### Information shown
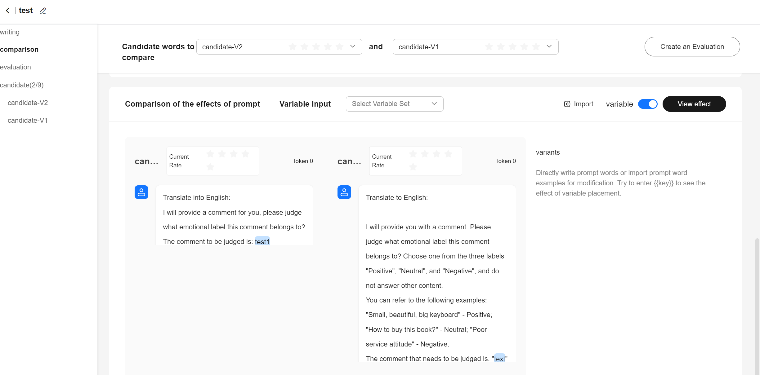5. In the horizontal comparison page, scroll down to the Comparison of the effects of prompt area. Enter the same variable values, and compare the outcomes of the two prompts.
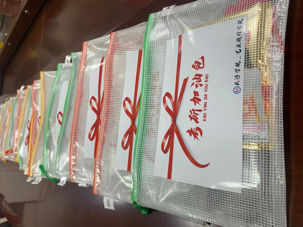 11月15日艺术设计学院为全院35名考研学子做考前动员并发放“考研加油包”,“考研加油包”里面有一张祝福卡片、一片暖宝宝以及一组专门的考试用笔,小小礼包传递力量和温暖。
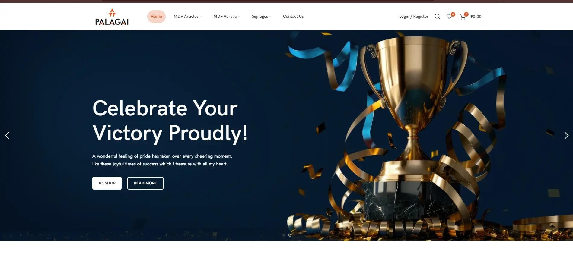 PALAGAI offers premium trophies and awards through a fast and secure WordPress eCommerce platform. With Razorpay integration, coupons, offers, discounts, and size-based variants, customers enjoy a smooth and flexible shopping experience.
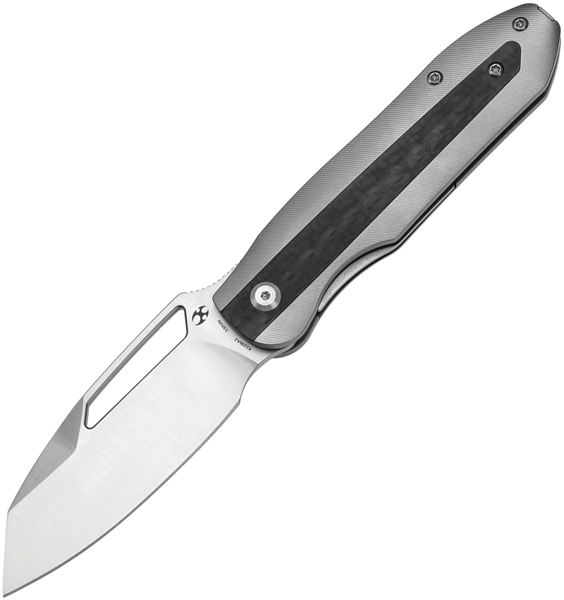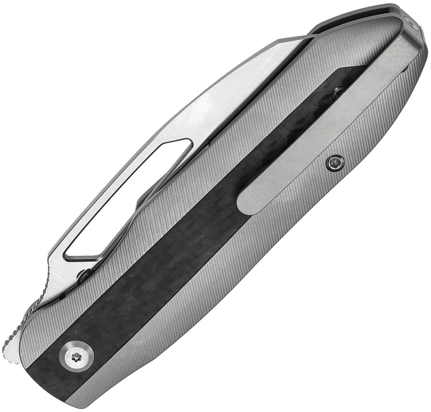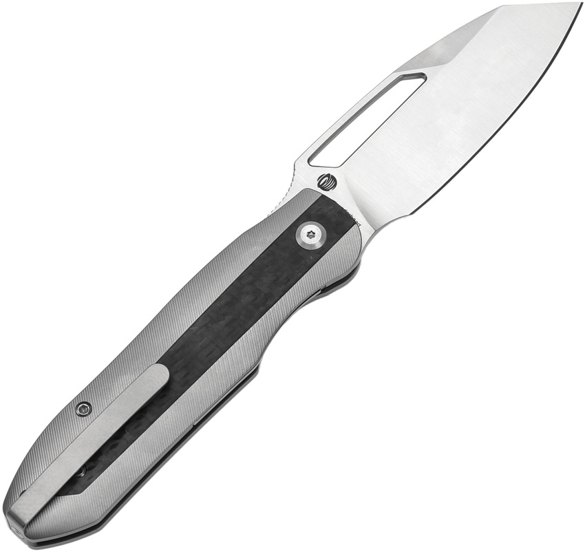 4.63″ (11.76cm) closed. 3.63″ (9.22cm) satin finish CPM S35VN stainless reverse tanto blade. Bead blast finish titanium handle with Twill carbon fiber inlay. Extended tang. Thumb pull. Pocket clip. Black nylon pouch. Boxed.

### Exercise prompt
Please print the data above once more, exactly and without images.

### Expected answer
5. In the horizontal comparison page, scroll down to the Comparison of the effects of prompt area. Enter the same variable values, and compare the outcomes of the two prompts.
 11月15日艺术设计学院为全院35名考研学子做考前动员并发放“考研加油包”,“考研加油包”里面有一张祝福卡片、一片暖宝宝以及一组专门的考试用笔,小小礼包传递力量和温暖。
 PALAGAI offers premium trophies and awards through a fast and secure WordPress eCommerce platform. With Razorpay integration, coupons, offers, discounts, and size-based variants, customers enjoy a smooth and flexible shopping experience.
 4.63″ (11.76cm) closed. 3.63″ (9.22cm) satin finish CPM S35VN stainless reverse tanto blade. Bead blast finish titanium handle with Twill carbon fiber inlay. Extended tang. Thumb pull. Pocket clip. Black nylon pouch. Boxed.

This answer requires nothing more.